DNA with a twist: Discovery could further antibiotic drug development
Scientists reveal how a 'molecular machine' in bacterial cells prevents fatal DNA twisting, which could be crucial in the development of new antibiotic treatments.
DNA replication is vital to all lifeforms, but in some organisms it can be prevented by twists in the DNA sequence, called 'supercoils'. If too many supercoils are allowed to build up, cells vital to sustaining life will die.
A molecular machine, called DNA gyrase, which is found in bacterial cells but not human cells, relaxes the twists to allow DNA replication to continue as normal, but until now there was limited understanding of how it does this in real time in actual living cells.
The process is of particular interest to drug developers because if DNA gyrase can be successfully interrupted as it works to stop twists occurring in bacterial DNA cells, the bacteria will die and the threat of infection to the host prevented.
The team from the University of York, in collaboration with the John Innes Centre, Oxford, and the Adam Mickiewicz University, Poland, used a special laser microscope to shine a light on a fluorescent protein, which makes DNA gyrase glow yellow. This allowed scientists to see inside a bacterial cell and, for the first time, observe how the molecular machinery prevents twists in DNA.

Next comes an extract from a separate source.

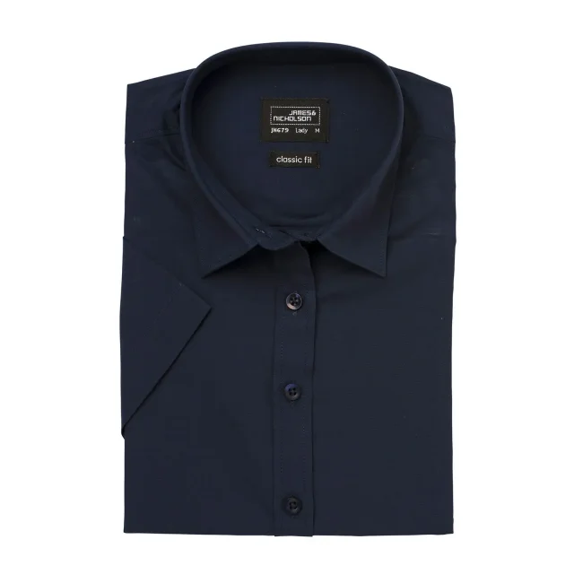 Camicia donna in popeline dal taglio moderno, realizzata con una miscela di 65% poliestere...

Professor Mark Leake, from the University of York's Departments of Biology and Physics, said: "By using modified fluorescent proteins the DNA gyrase can be made to glow yellow whereas the cellular machinery, which is used to actually replicate DNA, can be labelled with a different red-glowing protein.
"These separate colours can then be split into different detector channels to enable the precise location of DNA gyrase to be observed relative to the exact point at which DNA replication is actually occurring inside a single living bacterial cell."
The researchers have discovered that the DNA gyrase focuses its twist-relaxation activities just in front of the point at which DNA is being replicated in a cell.
Professor Leake said: "The molecular machines that perform DNA replication shuttle along the DNA, but this work can result in tiny nanoscale twists of DNA that accumulate in front of the replication machinery, just like tangled up cables at the back of your TV set.
"We have now shown that several tens of DNA gyrase molecules actively bind to a zone directly in front of the replication machinery and relax the DNA nano-twists faster than the replication machinery itself moves along the DNA.
DNA gyrase is a target for a number of different antibiotics, but with several 'super-bugs' emerging that are resistant to antibiotics, there is more urgent need to understand how bacterial cells operate in real time.
Professor Leake said: "Now that we know how DNA gyrase really performs its role inside living bacteria, we can assist in the design of new types of drugs that can stop DNA gyrase from working, which will allow drugs to be more targeted and ultimately kill dangerous bacterial infections in humans.
"Human cells have similar mechanisms to resolve DNA twists but using different molecular machines, and our work on DNA gyrase in bacteria gives us valuable insights into the generalised mechanisms governing the operation of this class of remarkable biomolecules for all organisms."